Overarching messages
- IFAD is a specialized United Nations agency and international financial institution with more than 40 years of experience in rural transformation.
- Investing in IFAD brings results. The success of our projects and approaches has been validated time and again by external evaluations.
- IFAD-supported projects work to make a long-term difference and help lift people out of poverty. We work in difficult situations, including conflict-affected areas, and with marginalized and disenfranchised populations.
- IFAD seeks to influence policy at the national and the international level for the benefit of smallholders and the landless. We also work to build the capacity of the farmers themselves to engage in policy processes, for example through the Farmers’ Forum.

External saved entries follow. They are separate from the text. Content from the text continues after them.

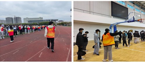 李家文、阮晶晶两位老师是学院辅导员队伍中仅有的住在瑶湖校区的老师,组织好1900余名在校学生的几轮全员核酸检测,时间紧、任务重, 工作量非常大。他们任劳任怨、不计个人得失,顾不上家中年幼的孩子,勇敢地担负起工作职责,起早贪黑,带领大学生志愿者维持全院核酸检测队伍秩序与纪律,指导志愿者队伍高效有序开展工作,实时统计好相关数据。大学生志愿者们有的在检测现场一线身着防护服维持秩序,有的在操场上手举班牌,集结各班学生有序排队并听从安排逐步进入体育馆检测点,志愿者们相互配合,耐心帮助同学们应对突发问题。同时,大学生党员志愿者还坚守信工楼南面的13号执勤点,不辞辛苦地对取外卖等对疫情防控不利行为的学生进行劝阻与管控。
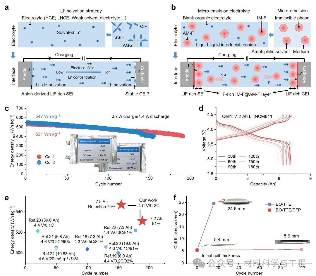 圖1(a)、(b)Li+在充電過程的傳輸行為及正負(fù)極界面演化示意圖,對應(yīng)Li+溶劑化策略(a)和微乳電解液策略(b);(c)Li||NCM811軟包電池在微乳電解液中的循環(huán)性能;(d)電池的電壓-容量曲線;(e)本文與報(bào)道的電池性能對比;(f)電池在循環(huán)前后的厚度變化
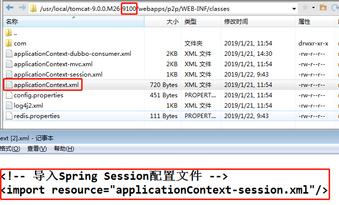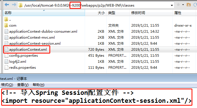 修改tomcat9100和tomcat9200的p2p项目WEB-INF/classes下applicationContext.xml文件,引入applicationContext-session.xml
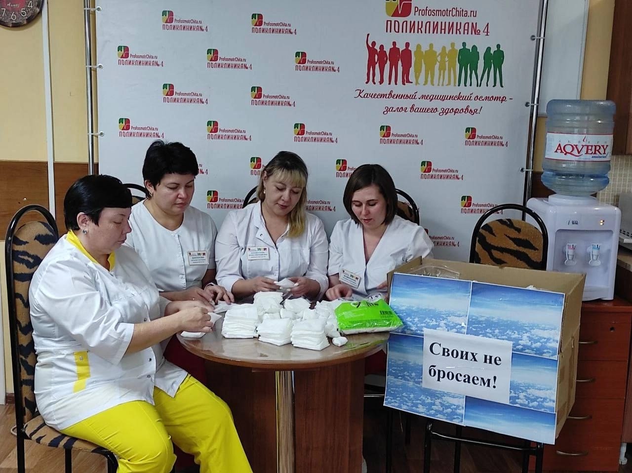 Коллектив городской поликлиники №4 города Читы присоединился к акции «Забайкальцы - медикам Донбасса!». Сотрудники медицинского учреждения передали перевязочный материал в госпитали, которые помогают участвующим в СВО.
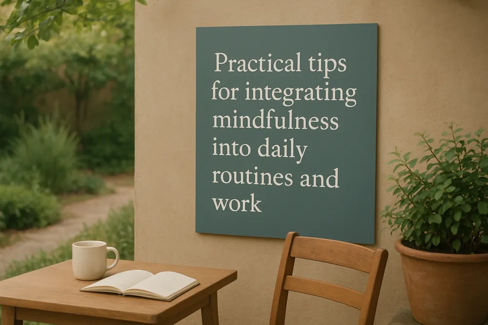 At work, mindfulness can be implemented through short mindful breathing breaks, practising single-tasking with full awareness, and mindful communication that fosters clearer, calmer interactions. These techniques reduce stress, enhance focus, and improve workplace relationships. See Workplace Mindfulness Techniques for more details.
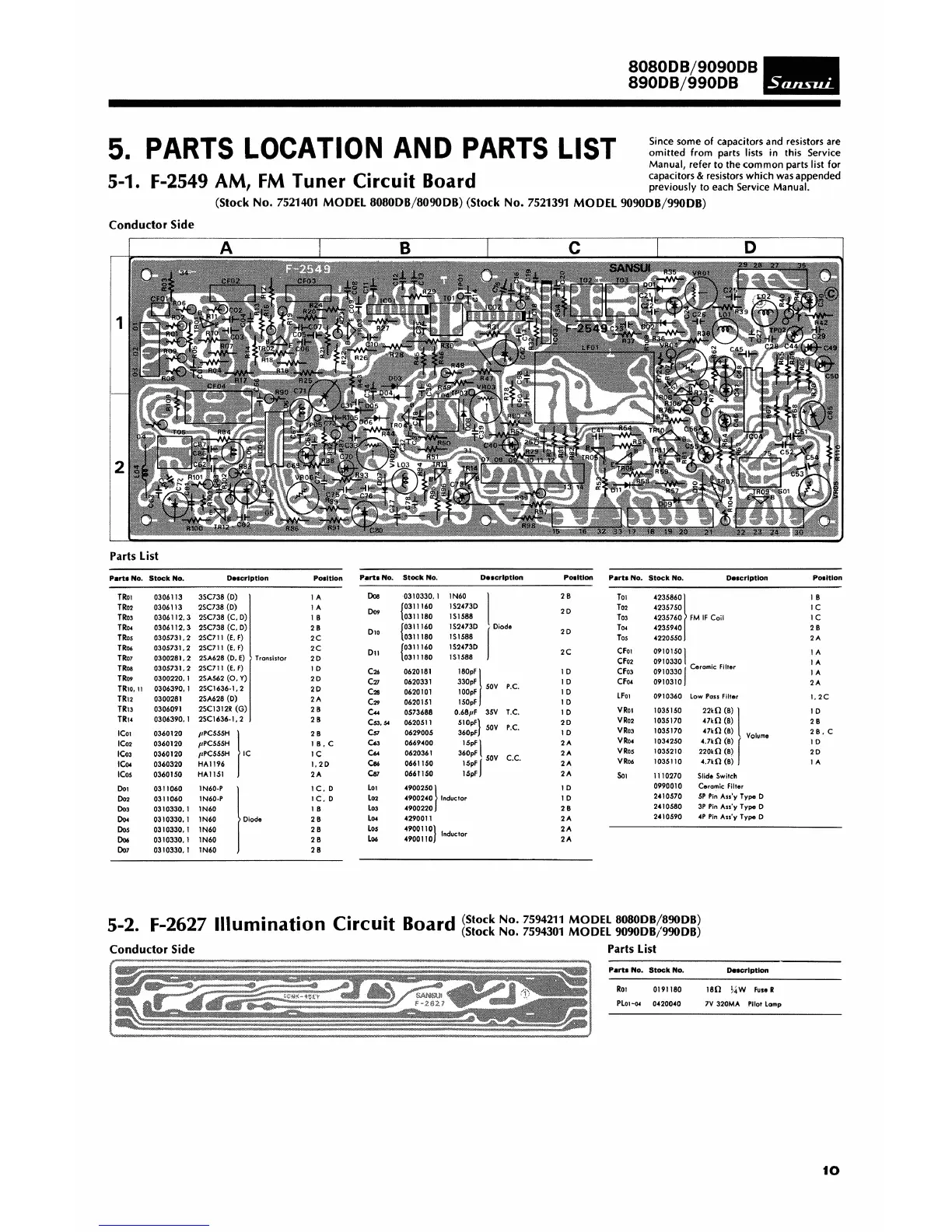 Sansui 8080DB - 5. CIRCUIT BOARD LISTS AND DIAGRAMS; 5-1. F-2549 AM, FM Tuner Circuit Board; 5-2. F-2627 Illumination Circuit Board

- Partnership is the heart of our work. The governments of Member States own and implement the projects that we support. We work hand-in-hand with poor rural people and their organizations, United Nations agencies, international financial institutions, NGOs and the private sector.
- New solutions to the challenges facing smallholders are knowledge-intensive. IFAD is committed to developing innovations and sharing knowledge on rural poverty.
- IFAD is committed to transparency and accountability in all our programmes, as well as in our internal and external communications.